Theorem: The union of compactified unstable manifolds $\bigcup \overline{D(p)}$ gives a CW decomposition of $M$ that is homeomorphic to $M$.

Historical note: A nice discussion of this theorem may be found in Bott's excellent Morse Theorem Indomitable, page 104. Milnor's Morse Theory derives a homotopy version of this statement (Theorem 3.5) from the homotopy version of the statement that a Morse function induces a handle decomposition (Theorem 3.2). The theorem seems to have been first proven by Kalmbach, and was recently strengthened to give the explicit characteristic maps by Lizhen Qin (understanding his papers is the motivation for my question).


The two statements given above look to me as though they should be very similar, especially since the homotopy version of the second follows directly from the homotopy version for the first in Milnor's book. But briefly searching through the literature makes it seem that they are virtually independant- papers proving one aren't even cited in papers proving the other, and the proofs look to me to be entirely unconnected. I don't understand why, probably because I'm having difficulty breaking free from the intuitive picture of the proof in Milnor's book, which works fine up to homotopy.

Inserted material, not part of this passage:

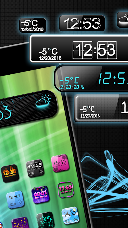 If you ever personalized your device with black wallpapers and backgrounds – you will definitely adore our cool digital watches with black theme! Set this elegant watch face on your desktop and explore its options: you can choose your fave black background from our collection, set the alarm app, or check the "local weather". Enjoy its minimalist design and use our cool phone gadgets for Android™ as a replacement for mens black watches! You can never go wrong with color black and white – see for yourself with our black weather widget! Forget about transparent clock and weather widget! We offer weather and clock widget black in color, which you can free download and be right on time always! Black watches for men or ladies are the most stylish fashion accessory. So, be on point with our phone accessories and never miss another hour or minute! Get a black diamond on your new favorite mobile gadget and feel elegant! Download cool digital watches with black color themes right now! "Black Digital Clock Widget" can serve as digital watches for kids as well – pic from black and white pictures and select the right one for your youngsters! They will adore this digital led clock gadget!

Question: Can you give an example, or intuition, for a case in which one of the above theorems is difficult but the other is easy? Is there an example for a compact finite-dimensional manifold with a Morse function such that the handlebody decomposition can be read straight off the Morse function, but the reading off the CW decomposition takes substantial extra work? Or the converse?
Stated differently, where does the "up to homotopy proof" on page 23 of Milnor conceptually collapse when we are working up to diffeomorphism instead of up to homotopy?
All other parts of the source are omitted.